━━━━━ DATA EXCERPTS ━━━━━
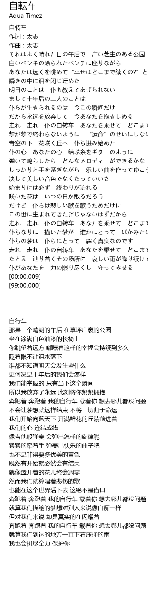| [03:30.89] | 走れ 走れ 仆の自转车 あなたを乘せて どこまでも行く |
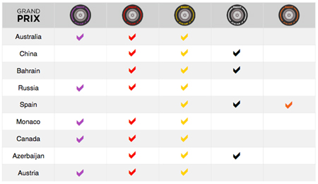 Les équipes sont libres de choisir parmi les 10 trains restants à leur disposition (à l’exception des cinq premiers Grands Prix, jusqu’en Espagne, où Pirelli alloue chaque set), aux nombres de 13 pour le week-end.
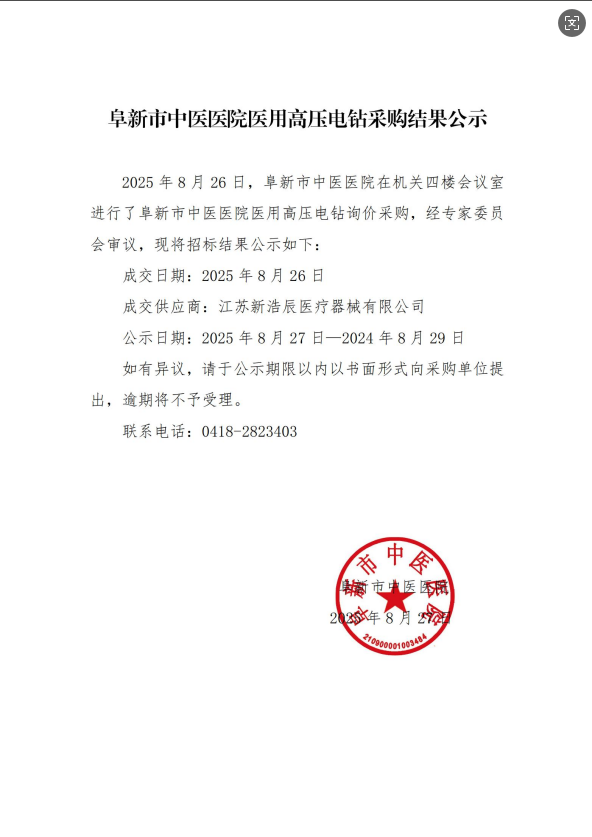 MK体育·(国际)官方网站医用高压电钻采购结果公示
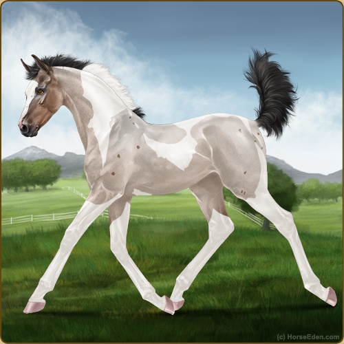 Color: Mahogany Bay Roan Dun Tobiano
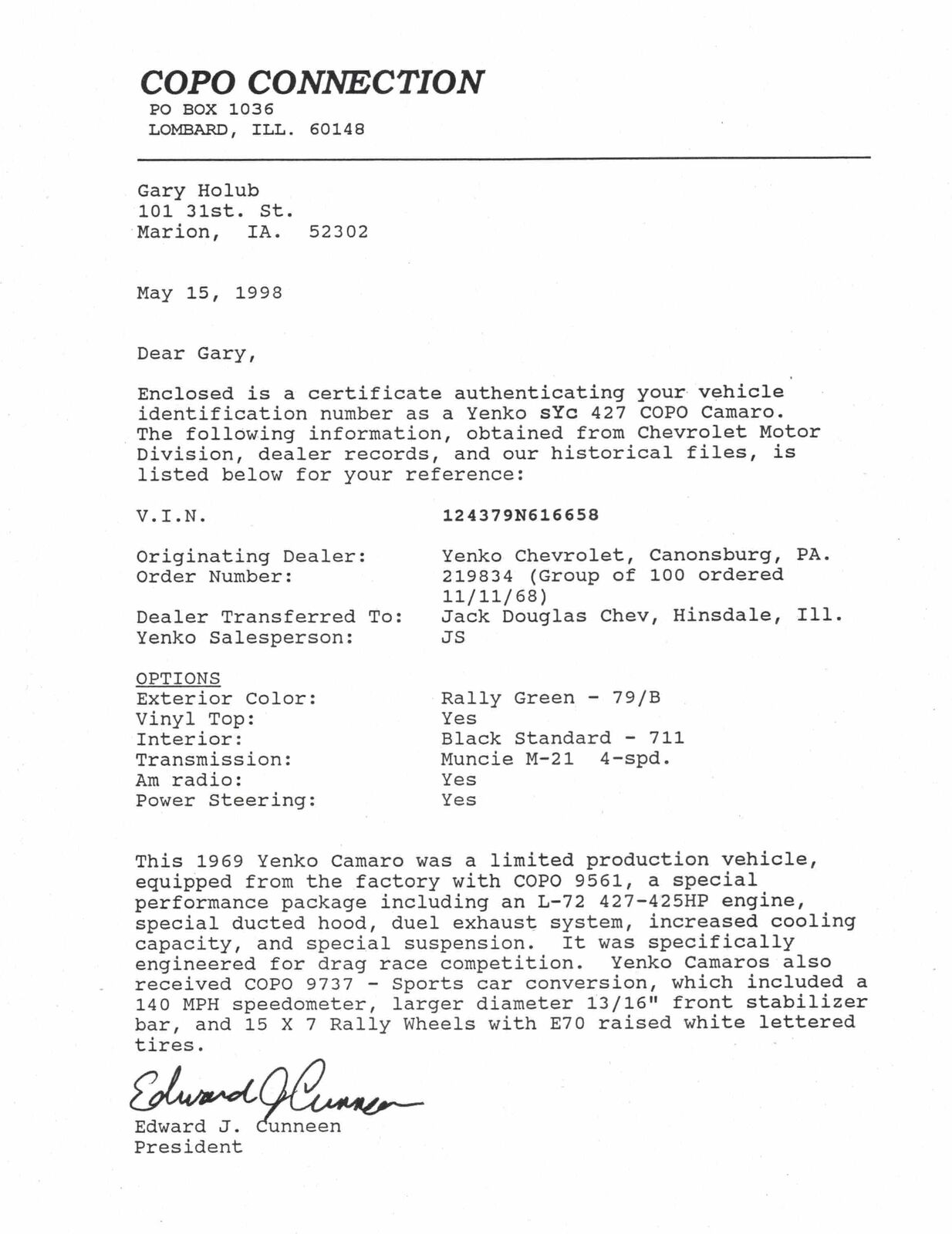 Jim The VIN on the dash, on top of the cowl, behind the heater box, under the rear passenger seat, driver-side dashboard bracket, etc. have all been confirmed & verified.
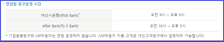 단, 국민은행은 바쁘신 직장인들을 위하여 영업시간 특화점포를 운영하고 있습니다.
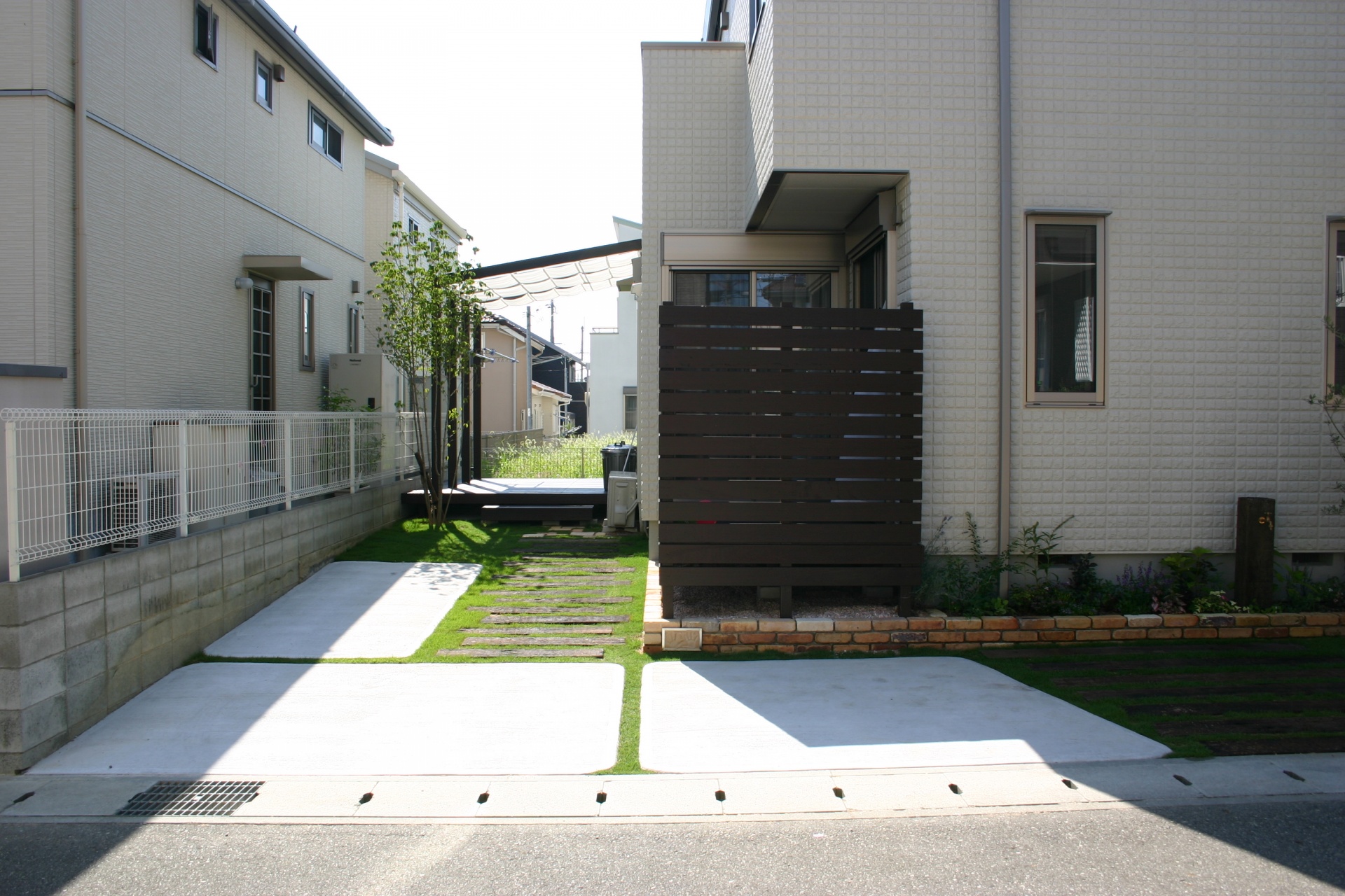 施工実績 庭へのアプローチを兼ねたガレージ|枕木+芝生 車庫スペースの奥がココマつデッキのある庭空間ですので、 そこへと続くイメージで芝生と枕木を組み合わせた、アプローチへとなります。 全体の完成写真はこちらです
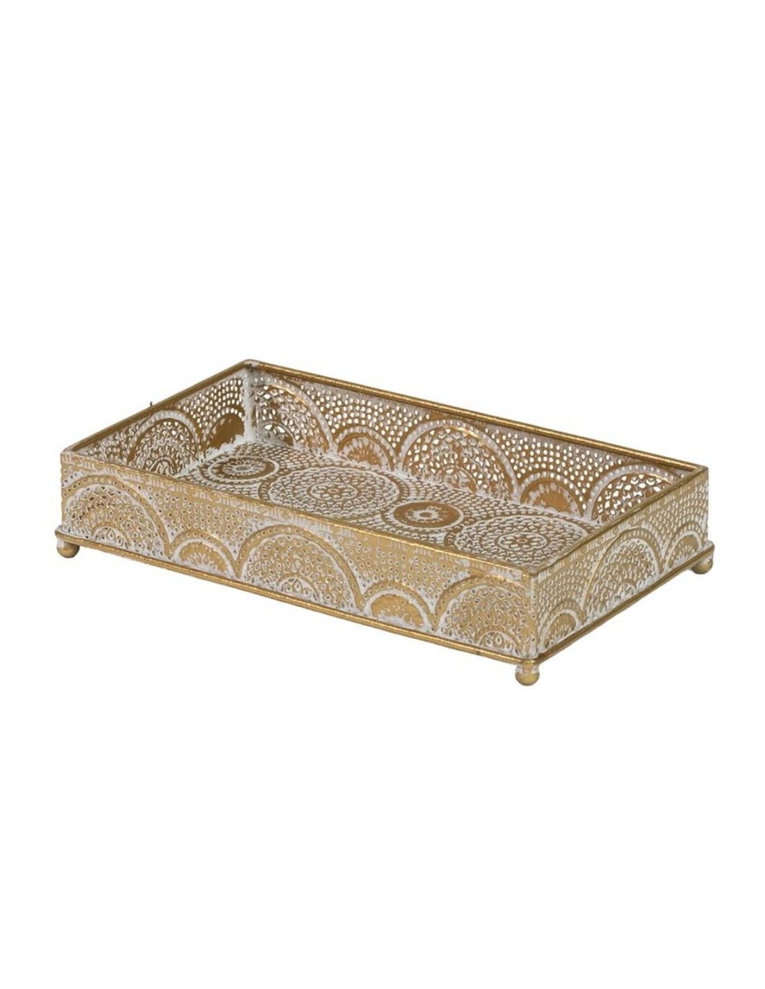 Esta bandeja decorativa fabricada en metal presenta un delicado diseño calado con acabado en color oro envejecido, aportando un toque clásico y sofisticado a cualquier espacio del hogar.
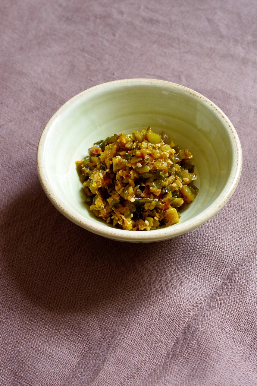 夏に干しておいたスベリヒユで、忘れることなく「ひょう干しの煮物」を作りました。
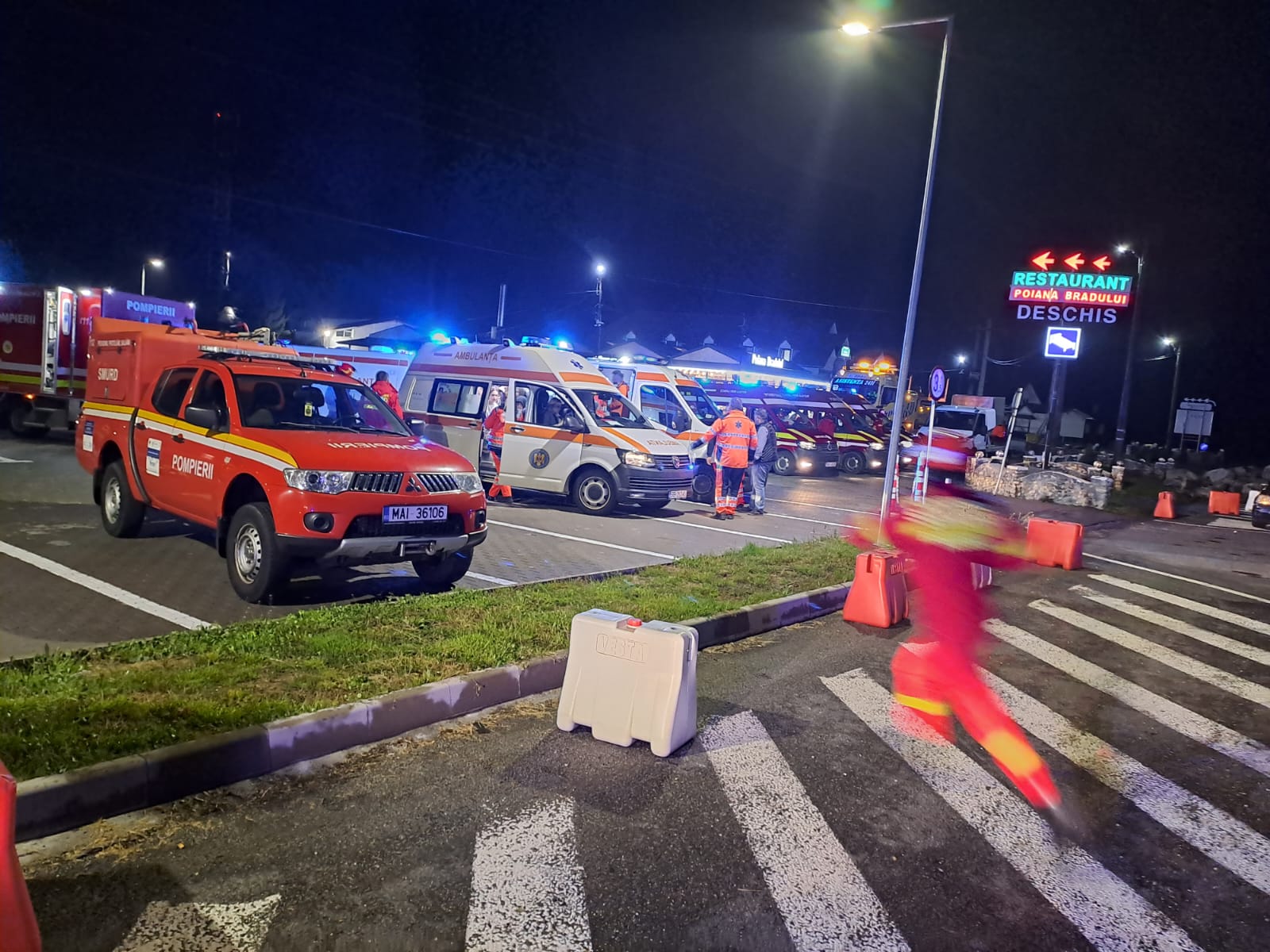 Două autospeciale de stingere, două autospeciale de transport personal și victime multiple, patru ambulanțe SMURD și patru ambulanțe ale Serviciului de Ambulanţă Judeţean au ajuns rapid la faţa locului.
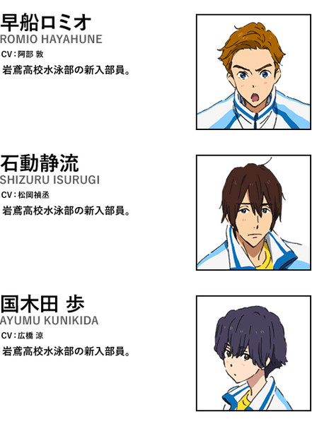 - Atsushi Abe as Romio Hayahune, a rookie member of the Iwatobi High School Swimming Club
━━━━━
Starting with the line that has "Esta bandeja decorativa" and ending with the last line of the records, retype every line exactly and only those lines. Do not include the pictures.

 Esta bandeja decorativa fabricada en metal presenta un delicado diseño calado con acabado en color oro envejecido, aportando un toque clásico y sofisticado a cualquier espacio del hogar.
 夏に干しておいたスベリヒユで、忘れることなく「ひょう干しの煮物」を作りました。
 Două autospeciale de stingere, două autospeciale de transport personal și victime multiple, patru ambulanțe SMURD și patru ambulanțe ale Serviciului de Ambulanţă Judeţean au ajuns rapid la faţa locului.
 - Atsushi Abe as Romio Hayahune, a rookie member of the Iwatobi High School Swimming Club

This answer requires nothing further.